Work instructions – Set down the data again exactly. Pictures are not part of the copy.

Extracted records:
● ● ●

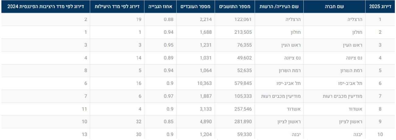 שלושת הרשויות המובילות הן: הרצליה שעלתה מהמקום השני, חולון שאבדה את המקום הראשון וראש העין ששומרת על המקום השלישי. את העשירייה הראשונה סוגרת עיריית יבנה.
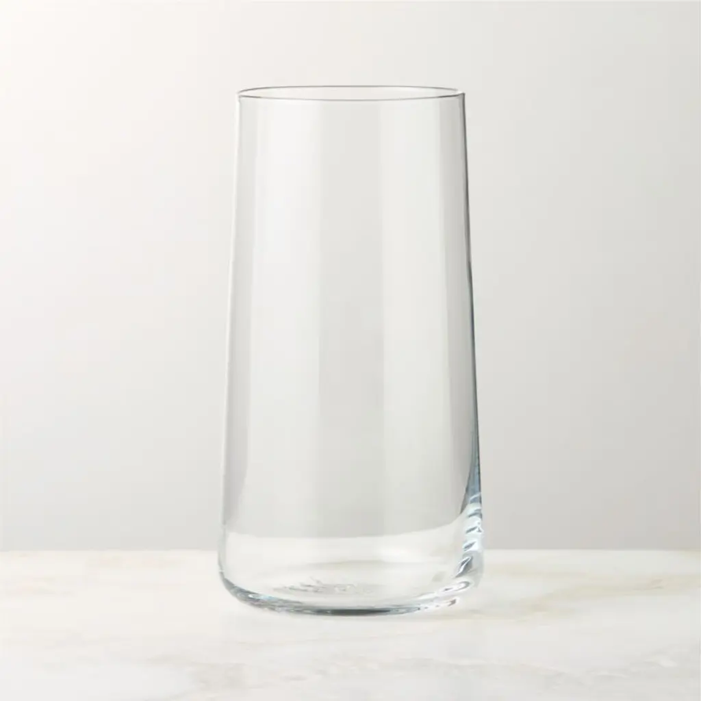 A clear choice for everyday glassware. Round, micro-thin cooler with tapered sham holds drinks with cool simplicity. Pairs with the Neat tasting and double old-fashioned glasses. Priced right for multiples. CB2 exclusive.
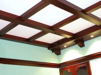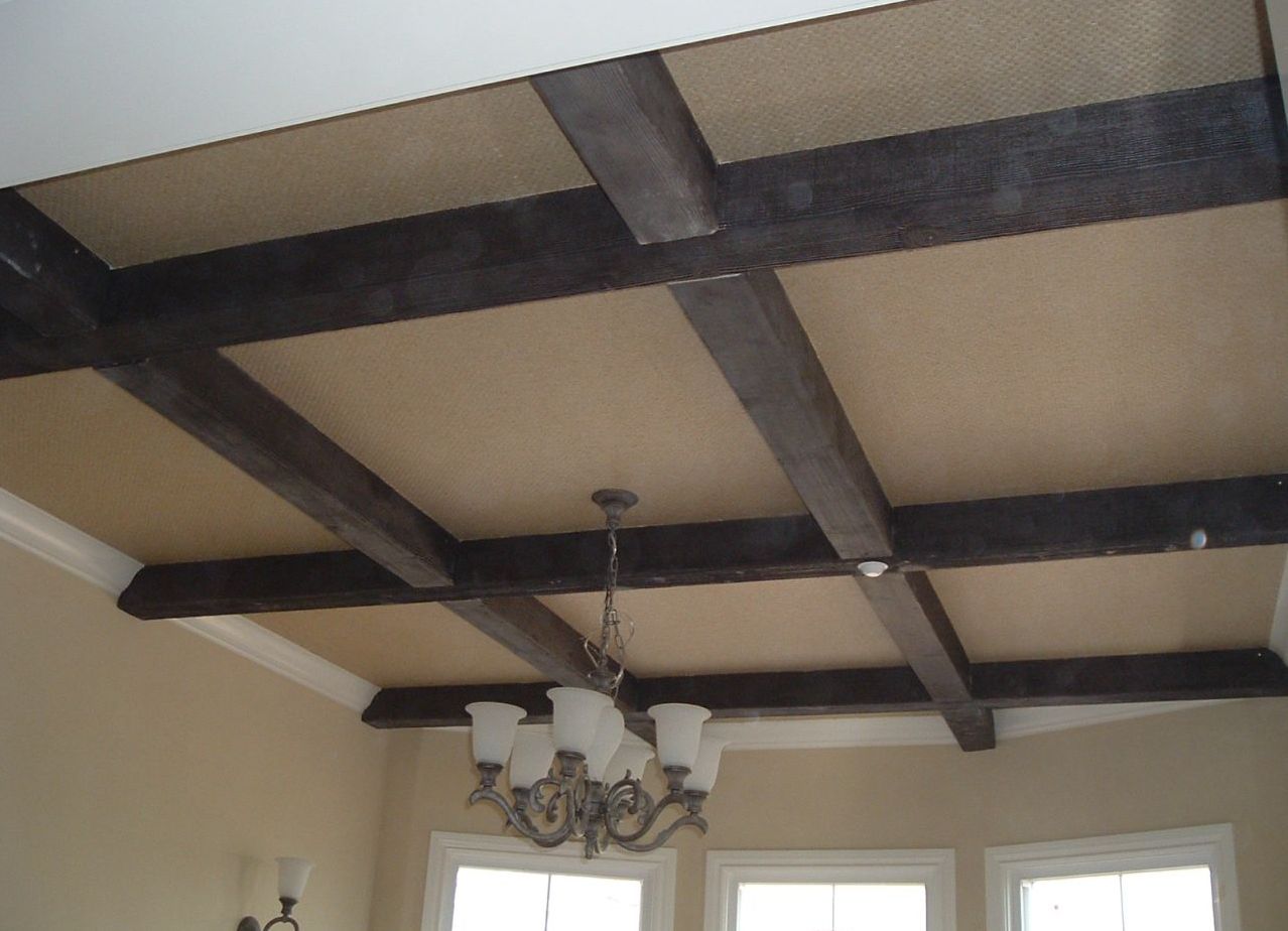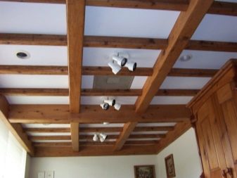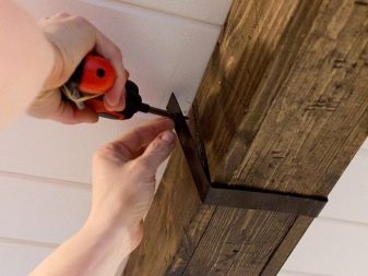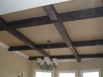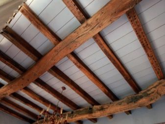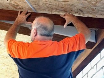 Viele Besitzer machen die Deckenbalken mit ihren eigenen Händen. Sie sind um den Umfang des Raumes herum installiert. Sie sind mit speziellen Befestigungselementen befestigt. Für die Ablage der Decke können Trockenbauplatten oder OSB-Platten verwendet werden. Machen Sie sie aus Holz oder Polyurethan.
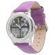 Uhr, Kinderuhr aus Edelstahluhr mit lila Lederarmband
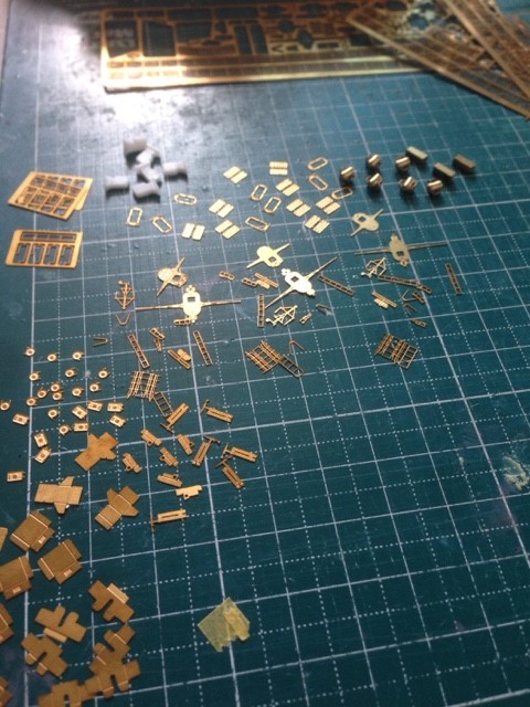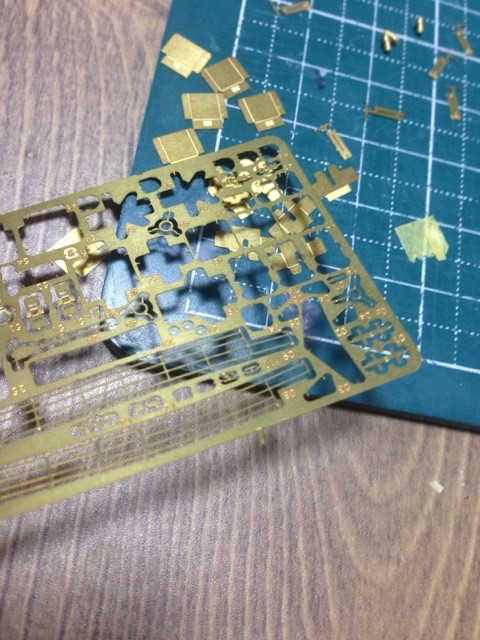 접사가 잘 안되서 잘 안보이는데 밧줄고정대 활동 가공 부품을 에칭에 붙일때 런너에 붙어있는 상태로 작업을 했습니다.

● ● ●

Task response –
 שלושת הרשויות המובילות הן: הרצליה שעלתה מהמקום השני, חולון שאבדה את המקום הראשון וראש העין ששומרת על המקום השלישי. את העשירייה הראשונה סוגרת עיריית יבנה.
 A clear choice for everyday glassware. Round, micro-thin cooler with tapered sham holds drinks with cool simplicity. Pairs with the Neat tasting and double old-fashioned glasses. Priced right for multiples. CB2 exclusive.
 Viele Besitzer machen die Deckenbalken mit ihren eigenen Händen. Sie sind um den Umfang des Raumes herum installiert. Sie sind mit speziellen Befestigungselementen befestigt. Für die Ablage der Decke können Trockenbauplatten oder OSB-Platten verwendet werden. Machen Sie sie aus Holz oder Polyurethan.
 Uhr, Kinderuhr aus Edelstahluhr mit lila Lederarmband
 접사가 잘 안되서 잘 안보이는데 밧줄고정대 활동 가공 부품을 에칭에 붙일때 런너에 붙어있는 상태로 작업을 했습니다.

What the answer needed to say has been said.